Silence, une révélation

Au début de l’année 1979, la parution des premières planches de Silence dans la revue A suivre marque les esprits. Silence, le héros simplet et muet tyrannisé et exploité par un fermier odieux révèle aux yeux du public le talent du dessinateur.  Comès signe ici une œuvre de grande envergure en 120 planches qui rompt avec les formats habituels de l’époque de 46 ou 54 pages, et contribue à la reconnaissance d’un genre, celui du roman graphique. Bon comme un enfant, innocent comme un ange, ami des serpents, Silence apprend la tragédie de son passé par une sorcière dont il tombe amoureux. Dans ce couple né de l’interdit, Silence est poussé par l’initiation à la violence au désir de vengeance.
Comès, “l’homme-hibou qui voit dans l’obscurité ces emmuraillés de silence, de la non conformité et du refus”, tel que le décrit Didier Platteau son éditeur de l’époque , est à l’image de cette chouette annonciatrice de mauvais présage. Un oiseau de malheur qui s’envole dans la  nuit pour percer les secrets les plus sombres de l’âme humaine. La mort s’insinue toujours dans ces fables noires, figeant une esthétique sombre et envoutante.

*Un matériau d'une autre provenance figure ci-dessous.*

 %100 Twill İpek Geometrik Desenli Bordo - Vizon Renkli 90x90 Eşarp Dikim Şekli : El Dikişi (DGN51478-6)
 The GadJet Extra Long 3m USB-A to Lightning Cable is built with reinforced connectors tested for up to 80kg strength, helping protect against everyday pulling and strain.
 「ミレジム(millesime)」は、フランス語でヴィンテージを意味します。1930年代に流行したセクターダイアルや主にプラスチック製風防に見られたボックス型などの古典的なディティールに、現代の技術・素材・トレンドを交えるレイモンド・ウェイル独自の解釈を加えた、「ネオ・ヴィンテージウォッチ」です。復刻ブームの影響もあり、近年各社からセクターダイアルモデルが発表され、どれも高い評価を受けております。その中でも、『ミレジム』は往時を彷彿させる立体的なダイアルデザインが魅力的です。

Comme le nain Blanche-neige qui met en garde Silence injustement enfermé pour un meurtre qu’il n’a pas commis : “Les gens n’aiment pas ceux qui sont différents, ils en ont peur”. Cette peur, Comès s’en est fait l’illustrateur. Marqué par la guerre, il sonde la cruauté des hommes en luttant contre le sort réservé aux incompris par une majorité bienpensante.

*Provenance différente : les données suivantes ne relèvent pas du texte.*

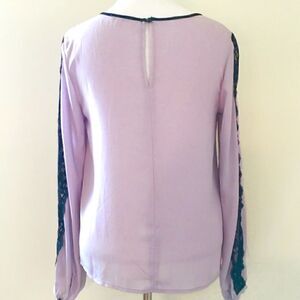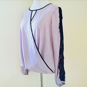 Charlotte Russe Light & Silky Lilac Blouse with Black Lace Embellished Sleeves & Black Trim - Size L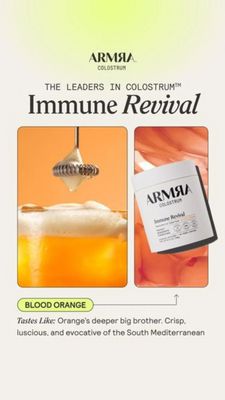 Questa creatività è perfetta per la fase di considerazione (MOF) su utenti già “solution aware”: dà per scontata la conoscenza del colostro e lavora sui due driver decisivi—chiarezza del beneficio e fiducia nel gusto. L’headline enorme “Immune Revival” fissa la promessa, mentre il layout diviso offre insieme prova del prodotto (bustina ben visibile) e desiderabilità sensoriale (bevanda agrumata con schiuma e colatura che suggerisce miscelazione e piacere). Il badge “Blood Orange” e la tasting note attivano curiosità e immaginazione del sapore, abbassando il rischio percepito tipico dei drink mix. Spazi puliti e serif elegante comunicano qualità e affidabilità, coerenti con un posizionamento premium. Inoltre la struttura si presta a una serie di gusti, facilitando confronto e ripetizione del messaggio senza perdere riconoscibilità.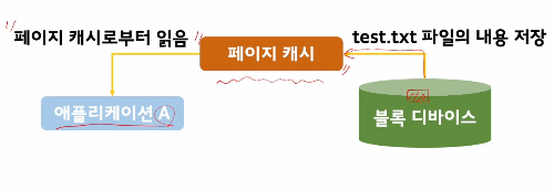 - 페이지 캐시에서 test.txt 를 저장해 두었다가 애플리케이션이 페이지 캐시에서 조회함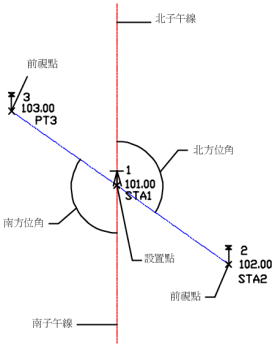 方向是從北或南子午線測量的角度。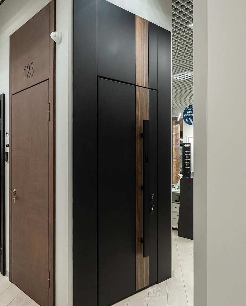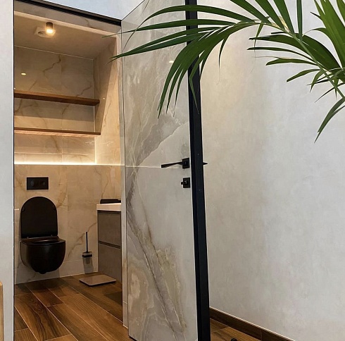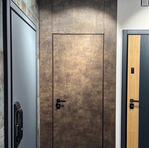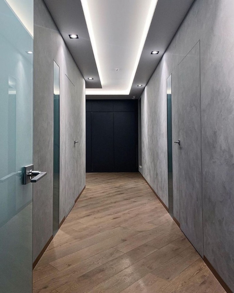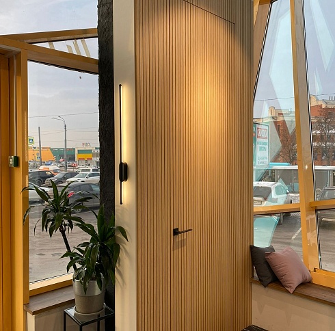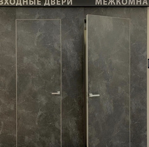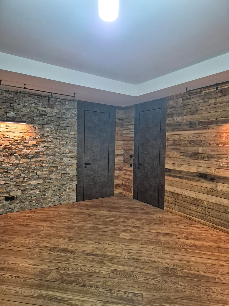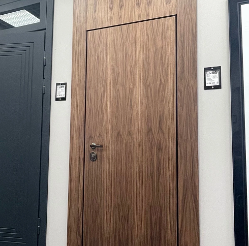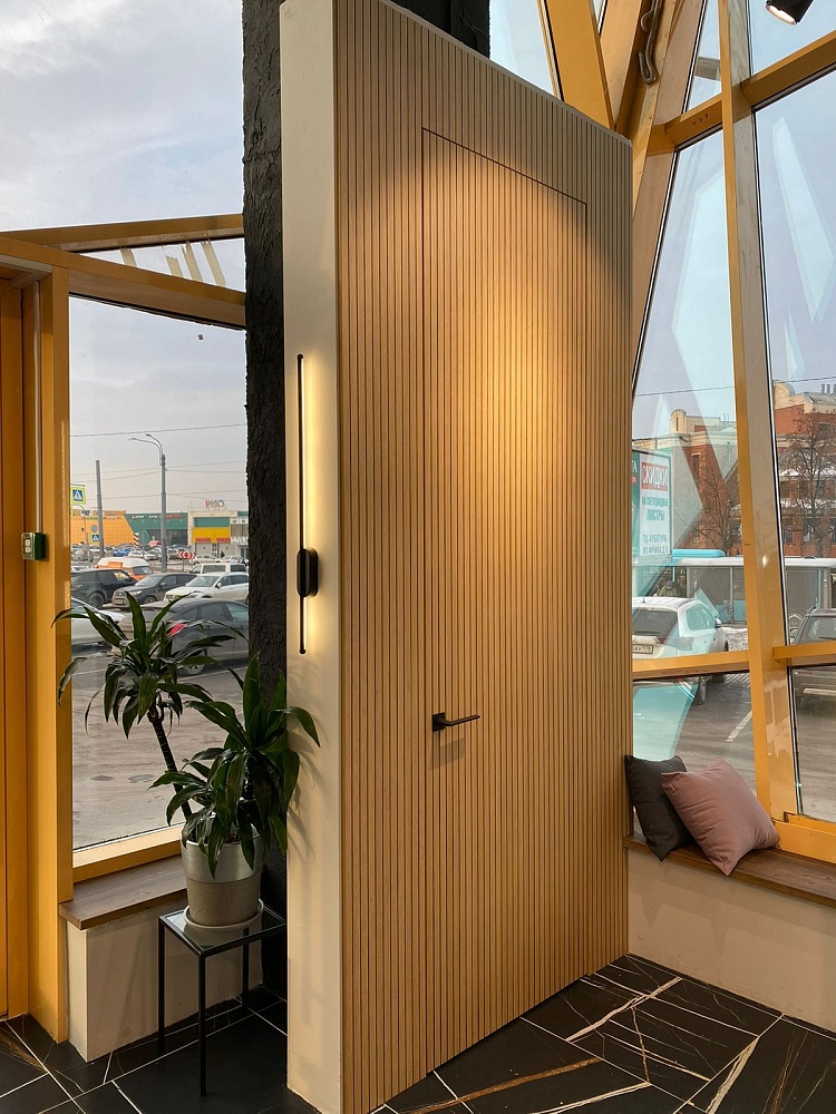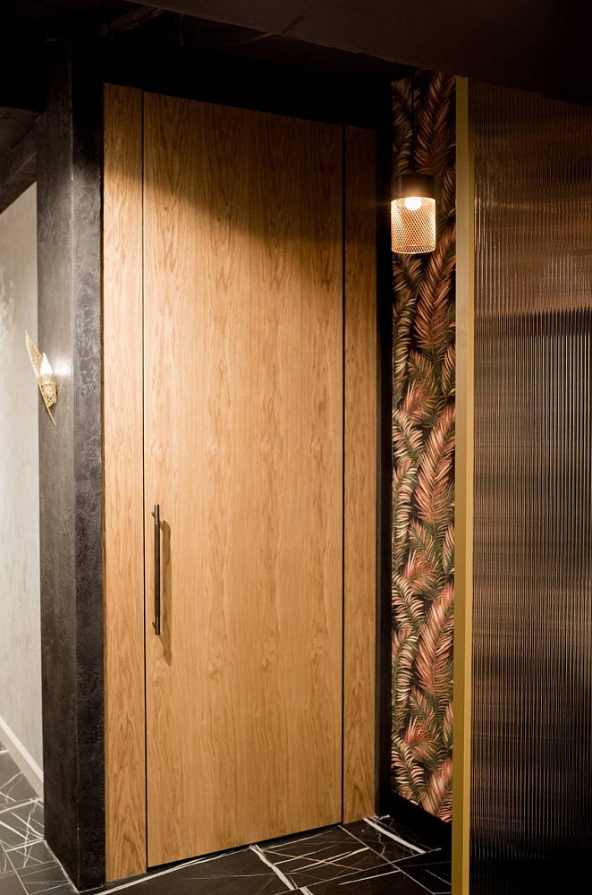 Современно и эстетично. Добавить графичности или сделать акцент именно на скрытой двери помогут современные отделки, например, шпонированные панели или оформление антивандальным материалом с имитацией природного камня. Бонус - возможность изменения облика в соответствии с новыми требованиями интерьера.

Peintre de la nature, il transcrit ces rapports antagonistes et complémentaires, entre l’homme et l’animal, entre l’innocence de l’ignorance et la culpabilité du mensonge, entre le monde désenchanté contemporain et les traditions anciennes du chamanisme et de la sorcellerie.  Mais l’écrivain-hibou et halluciné était surtout un artisan de l’illusion, sorcier lui-même, capable d’apporter la lumière dans l’obscurité la plus profonde. Dans ces contes du désespoir, en écrivain humaniste, Comès a toujours su donner de précieuses leçons sur la tolérance et le respect de la différence. Le neuvième art vient de perdre l’un des plus grands. La rédaction de BDSphère lui rend un dernier hommage et dans le silence éternel d’un grand artiste, nous ne cesserons de célébrer son oeuvre.

L’hommage de François Schuiten

“C’est avant tout un ami avec lequel je n’ai jamais cessé de parler de ce métier, de la façon de raconter des histoires, de l’exigence du dessin, du noir et blanc mais aussi de nos inquiétudes et de nos rêves.

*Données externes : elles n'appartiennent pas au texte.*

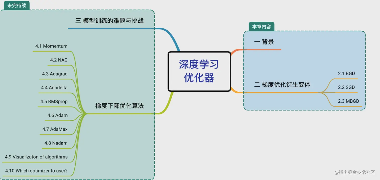 这篇文章主要对各种梯度下降优化算法进行全面成体系的分析,帮助相关的算法开发人员在模型开发的过程中选取合适的算法。相对来说,这块内容较多会分成几个章节进行,以下是章节情况,本章会介绍模型训练的相关难题以及高级优化器的优化方向-冲量、自适应学习率。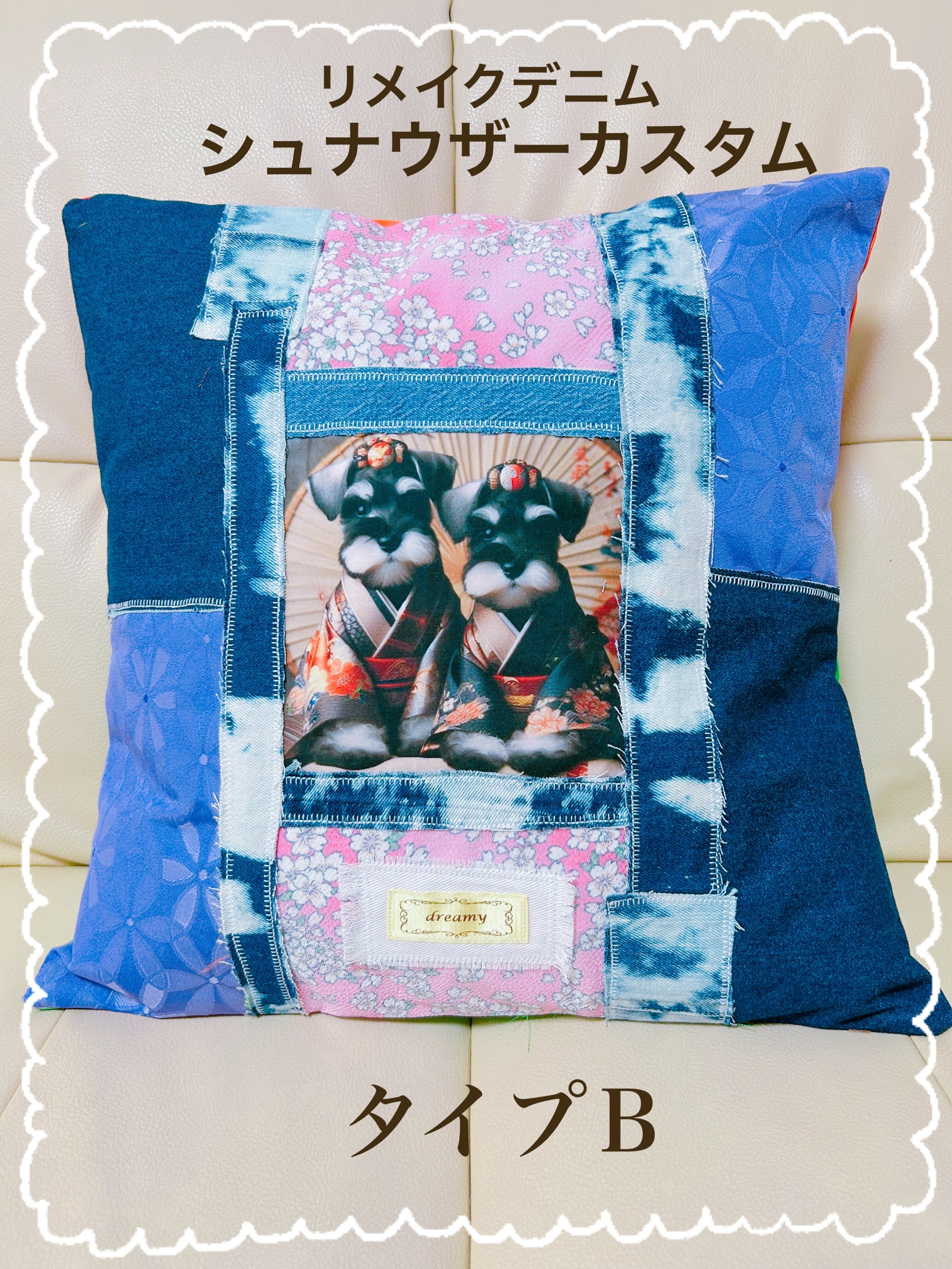 リメイクデニムクッションカバー★シュナウザーカスタム★タイプB

L’isolement qu’il a choisi dans ses Ardennes natales lui donne un regard si particulier, une telle authenticité sur le monde,  une vraie profondeur qui fait du bien.
Je reste toujours ébloui devant la beauté de ses planches, la façon dont il traduit le mystère des forêts qui l’entourent. Il travaille le végétal comme un orfèvre ou un artiste japonais. Il donne à chaque arbre une âme, une vie intérieure qui transcendent ses histoires. Il a su travailler le mouvement des cadres et des plans comme un musicien,  avec le sens rythmique du batteur qu’il a été.
Dernièrement, alors que je l’interrogeais sur la façon dont il arrivait à des noirs aussi profonds et aussi parfaits dans ses planches, il me disait avec un sourire en coin qu’il accumulait ses vieilles bouteilles d’encre comme ses bons crus. Avec le temps, leur densité lui permettait d’obtenir cette profondeur. Ce souci de perfection révélait ses qualités de grand artisan, de maître incontestable du noir et blanc.
J’ai rarement rencontré quelqu’un d’aussi cohérent par rapport à son œuvre. Il a vraiment tout donné dans ses livres. Il représente pour moi un point de repère autant humain qu’artistique.”